Demonstração de Cultura de Folha de Células Auto-Montadas e Geração Manual de um Organoide 3D Semelhante a Tendão/Ligamento usando Fibroblastos Dérmicos Humanos

Published: June 21, 2024
doi:
10.3791/66047
, , , , ,
1Department of Musculoskeletal Tissue Regeneration, Orthopaedic Hospital König-Ludwig-Haus,University of Würzburg, 2Laboratory for Experimental Trauma Surgery, Department of Trauma Surgery,University Hospital Regensburg, 3Department of Orthopaedics, Orthopaedic Hospital König-Ludwig-Haus,University of Würzburg

Summary

Aqui, demonstramos um modelo organoide de três etapas (expansão bidimensional [2D], estimulação 2D, maturação tridimensional [3D]) oferecendo uma ferramenta promissora para pesquisa fundamental de tendões e um potencial método livre de andaimes para engenharia de tecidos tendinosos.

Abstract

Tendões e ligamentos (T/L) são estruturas fortes e hierarquicamente organizadas que unem o sistema musculoesquelético. Esses tecidos têm uma matriz extracelular (MEC) rica em colágeno tipo I estritamente disposta e células da linhagem T/L posicionadas principalmente em fileiras paralelas. Após a lesão, o T/L requer muito tempo para reabilitação com alto risco de falha e resultados de reparo muitas vezes insatisfatórios. Apesar dos recentes avanços na pesquisa em biologia T/L, um dos desafios remanescentes é que o campo T/L ainda carece de um protocolo de diferenciação padronizado que seja capaz de recapitular o processo de formação T/L in vitro.
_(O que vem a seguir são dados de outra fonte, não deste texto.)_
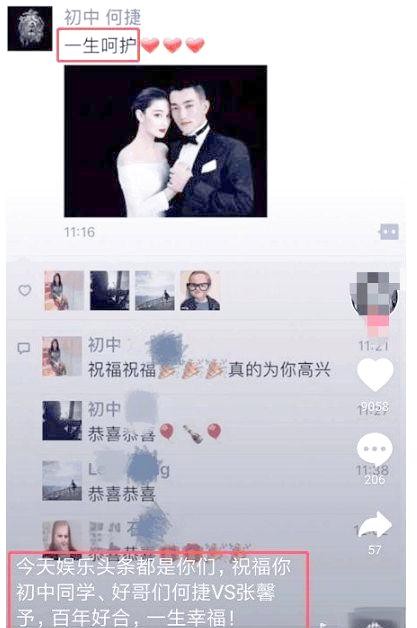 除了微博,网友们还挖掘出了张馨予丈夫何捷的朋友圈。近日,何捷的一位初中同学在抖音上公开了他昨天发布的朋友圈动态,迅速吸引了大量网友的关注。在这条动态中,何捷分享了一张与张馨予的甜蜜婚纱照,并配以“一生呵护”的深情誓言,满溢着爱意。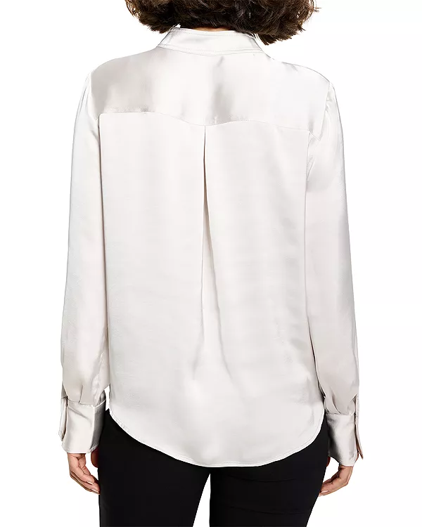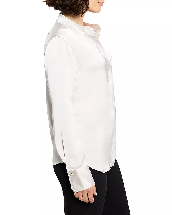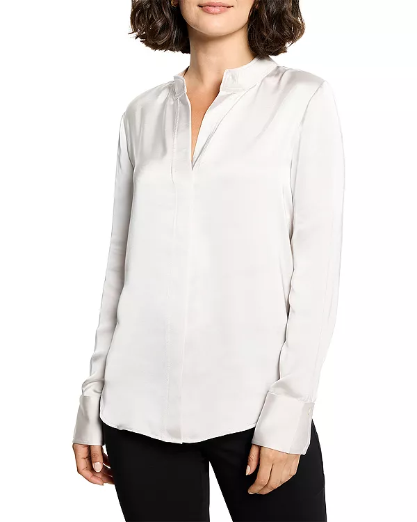 Бренд: Nic+Zoe Цвет: белый Простой топ с воротником-стойкой, выведенный на новый уровень благодаря необычной конструкции. Изготовленный из фирменной роскошной ткани Day Gloss, он сочетает в себе изысканный вид шелка с более прочной и простой в уходе структурой. Плотность ткани обеспечивает красивую драпировку, а воздушная структура гарантирует комфорт в течение всего дня.

Por exemplo, a diferenciação óssea e gordurosa de células precursoras mesenquimais requer apenas cultura de células bidimensionais (2D) padrão e a adição de meios de estimulação específicos. Para diferenciação em cartilagem, é necessária cultura tridimensional (3D) de pellets e suplementação de TGFß. No entanto, a diferenciação celular para o tendão precisa de um modelo de cultura 3D muito ordenado, que idealmente também deve ser submetido a estimulação mecânica dinâmica. Estabelecemos um modelo organoide de 3 etapas (expansão, estimulação e maturação) para formar uma estrutura 3D semelhante a uma haste a partir de uma folha de células automontada, que fornece um microambiente natural com seus próprios fatores ECM, autócrinos e parácrinos. Esses organoides em forma de bastonete têm uma arquitetura celular de várias camadas dentro de um ECM rico e podem ser manuseados com bastante facilidade para exposição a tensão mecânica estática. Aqui, demonstramos o protocolo de 3 etapas usando fibroblastos dérmicos disponíveis comercialmente. Pudemos mostrar que esse tipo de célula forma organoides robustos e abundantes em MEC. O procedimento descrito pode ser ainda mais otimizado em termos de meios de cultura e otimizado para estimulação mecânica axial dinâmica. Da mesma forma, fontes celulares alternativas podem ser testadas quanto ao seu potencial para formar organoides T/L e, assim, sofrer diferenciação T/L. Em suma, a abordagem organoide 3D T/L estabelecida pode ser usada como modelo para pesquisa básica de tendões e até mesmo para engenharia T/L sem andaimes.

Introduction

Tendões e ligamentos (T/L) são componentes vitais do sistema músculo-esquelético que fornecem suporte e estabilidade essenciais ao corpo. Apesar de seu papel crítico, esses tecidos conjuntivos são propensos à degeneração e lesão, causando dor e comprometimento da mobilidade1. Além disso, seu suprimento sanguíneo limitado e capacidade de cicatrização lenta podem levar a lesões crônicas, enquanto fatores como envelhecimento, movimentos repetitivos e reabilitação inadequada aumentam ainda mais o risco de degeneração e lesões2. Os tratamentos convencionais, como repouso, fisioterapia e intervenções cirúrgicas, são incapazes de restaurar totalmente a estrutura e a função T/L. Nos últimos anos, os pesquisadores têm se esforçado para entender melhor a natureza intrincada da T/L, a fim de buscar tratamentos eficazes para os distúrbios T/L 3,4,5. Os T/L distinguem-se por uma estrutura hierarquicamente organizada, dominada pela matriz extracelular (MEC), composta principalmente por fibras colágenas do tipo I e proteoglicanos, característica difícil de ser replicada in vitro6. Os modelos tradicionais de cultura de células bidimensionais (2D) não conseguem capturar a organização tridimensional (3D) característica dos tecidos T/L, limitando seu potencial translacional, bem como dificultando o progresso inovador no campo da regeneração T/L.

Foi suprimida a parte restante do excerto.